Pero el que estaba en la puerta entra en escena:

Sin payaserías, celulares y blackberrys aquí, dice agarrando una de las cestas de la farmacia. Él lo deja pasar a su lado y se fue acercando a la puerta con mucho cuidado. El dolor de cabeza, la concentración, los ojos, salvar el pellejo. El tipo entrompando a los clientes. Ya está cerca de la puerta. Esta mierda tiene que ser dengue, concluye. Está a dos pasos de la puerta. Uno más y está listo, porque luego lo protegerá la pared.

Si tengo que soltar dos plomazos para cubrirme lo hago, decide.

Escucha que ya limpiaron las cajas y sólo queda terminar con los clientes. Puede ver la acera en esa tarde fresca y comprueba que no hay carro esperándolos. Es decir, los tipos van a pie. Es decir, saldrán de la farmacia caminando. Es decir, tiene chance porque no lo van a perseguir.

Da otro paso. Le zumban los oídos. La brisa se cuela por las rendijas de la puerta de vidrio. Ve una señora gorda caminar lentamente hacia la farmacia. Mide a los tipos. Los ojos le arden, pero se concentra. El pellejo primero. Ve por última vez hacia dentro y se tira el resto. Empuja con todo su cuerpo la puerta pero el que se acercaba con la cesta, sin ninguna expresión en el rostro, apunta hacia él. Escucha la detonación y escucha los gritos.

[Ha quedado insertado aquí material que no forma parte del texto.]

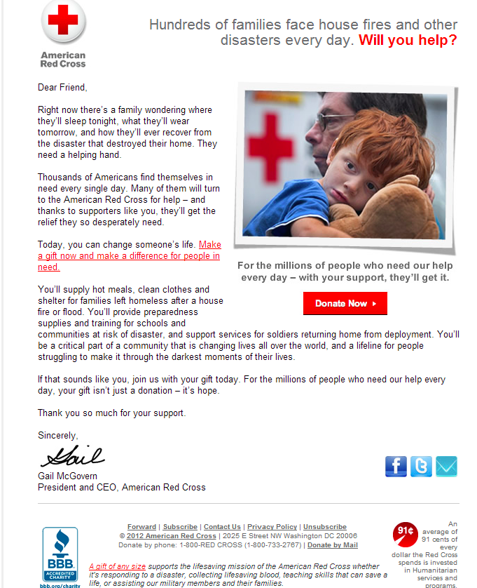 Каждое электронное письмо лучше с картинками, но лучшие изображения включают людей. Эти фотографии могут мотивировать доноров к действию. Используйте фотографии тех, кому вы помогаете, и добровольцев в действии. Старайтесь держаться подальше от общих картинок или стоковых изображений. Вам нужны фотографии реальных людей. Взгляните на электронное письмо Американского Красного Креста ниже. Фотография маленького мальчика составляет целую электронную почту.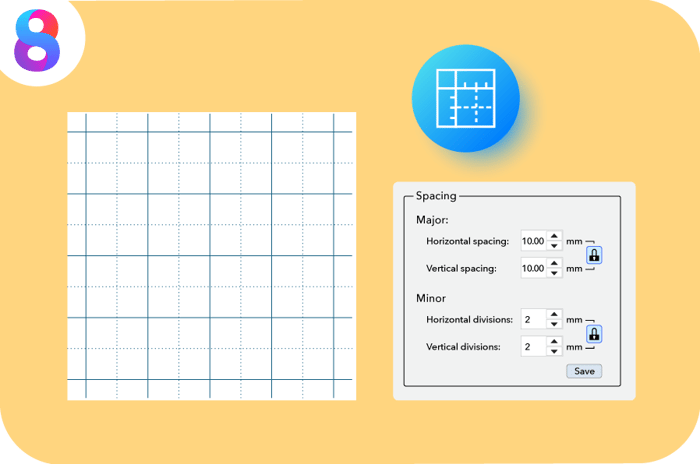 Get the precision you need. The existing 10mm grid remains, while a new minor grid lets you fine-tune every detail. Perfect for detailed design work that requires accuracy and control.
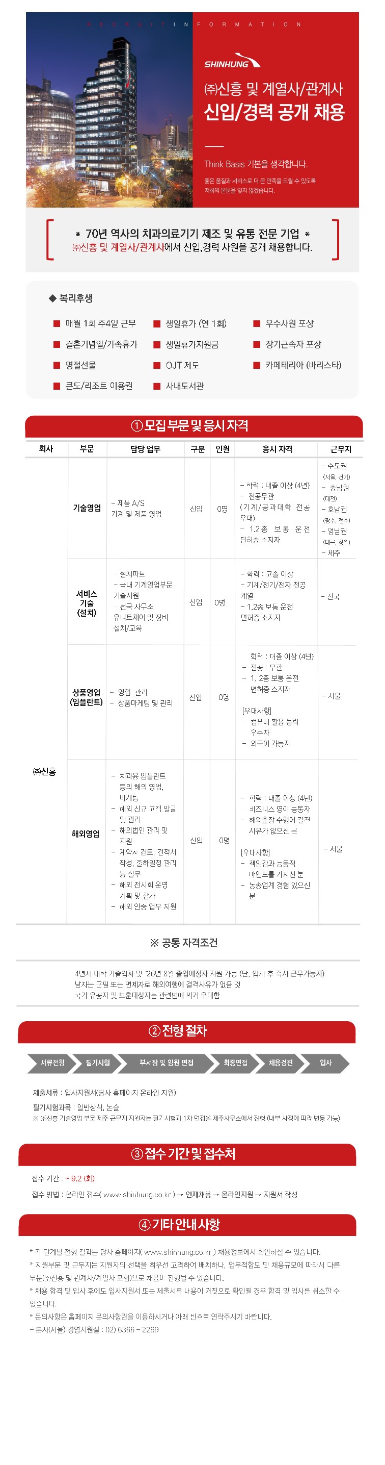 - 접수 방법: 당사 홈페이지 (www.shinhung.co.kr) → 인재채용 → 온라인 지원 → 지원서 작성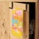 With Love Dinosaurs Cute Heart Pattern Kitchen Towel. Three cute little cartoon animals: blue Stegosaurus, orange Diplodocus and yellow Triceratops dinosaurs with sweet love hearts pattern with customisable orange background colour and customisable text "with Love". This cute dinosaur kitchen towel is fully customisable, add your text(s) and images! An adorable dinosaur gift for the big cartoon dinosaur fans!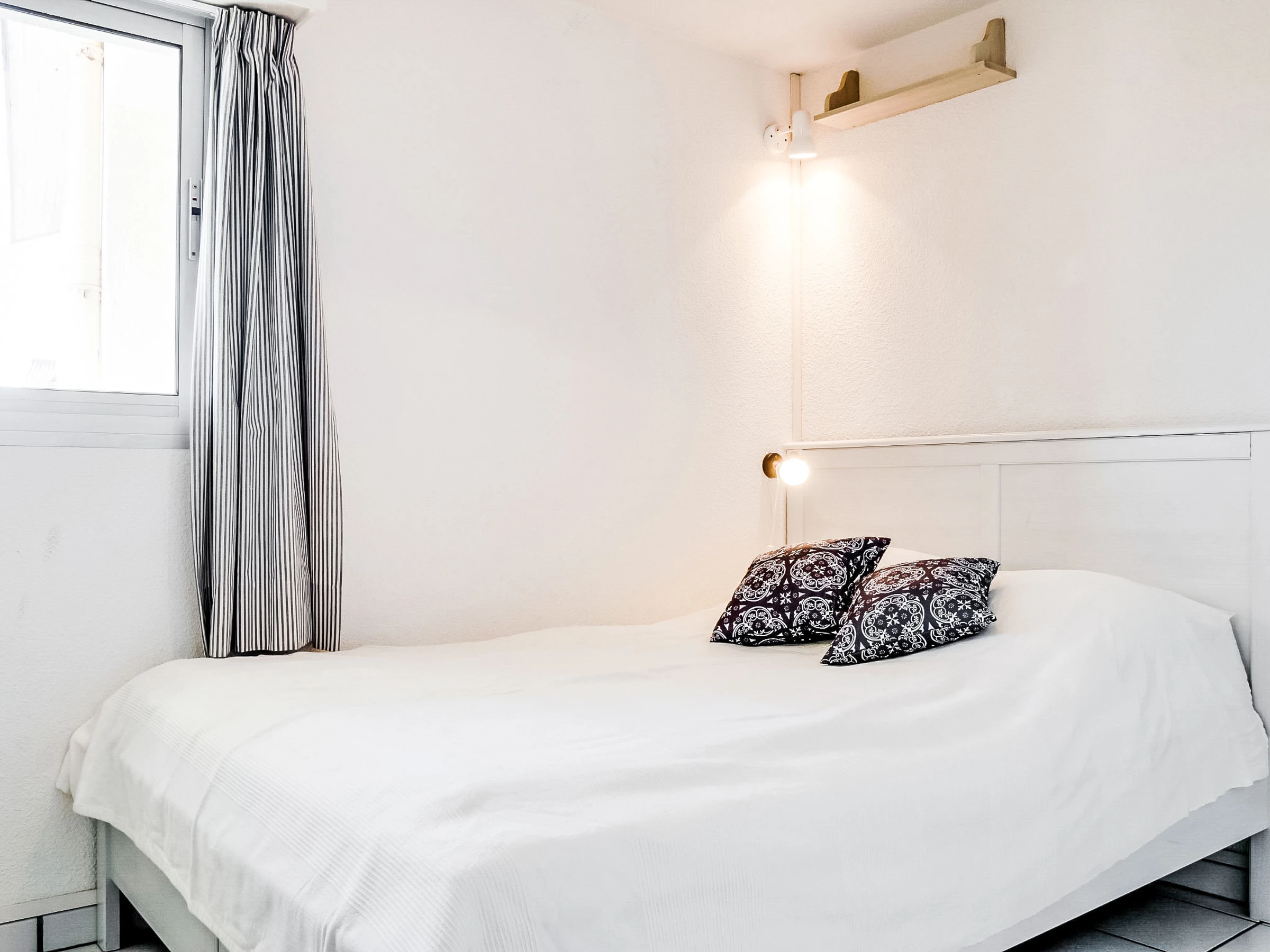 4-room maisonette 70 m2 on 3rd floor, south-west facing position. Beautiful furnishings: living/dining room with TV (flat screen). Exit to the balcony. 1 room with 1 french bed (1 x [hidden] cm, length [hidden] cm), shower. Kitchenette (dishwasher, 4 ceramic glass hob hotplates, toaster, kettle, microwave, electric coffee machine, Capsules for coffee machine (Senseo) extra). Sep. WC. Upper floor: (steep stair), 1 room with sloping ceilings with 2 beds (90 cm, length [hidden] cm). 1 room with sloping ceilings with 1 bed (90 cm, length [hidden] cm). Bathroom. Electric heating. Balcony 10 m2. Balcony furniture. Beautiful view of the sea. Facilities: washing machine. Internet (WiFi, extra). Parking space n [hidden]. Please note: non-smokers only. 1 small pet/ dog allowed. TV only FR. Smoke alarm. Small parking with sidewalk access.

Escucha los gritos y escucha los vidrios. Siente que lo empujaron y que se le empieza a mojar un costado.

Desde la acera vio a la señora gorda reírse con todos los dientes. Vio también los zapatos de los tipos saltando sobre él, en dirección a la calle. Comenzó a sentir, cerca del costado húmedo, una quemazón. Alguien gritaba algo de un celular y por primera vez en todo el día sintió que se le aliviaba el dolor de cabeza.

Entendió que la vieja gorda no se estaba riendo cuando vio a la de las pecas consolándola. Debe ser la mamá, pensó.

*******

* Los ancestros de tan viejo oficio señalaban, con más pudor: “La bolsa o la vida”.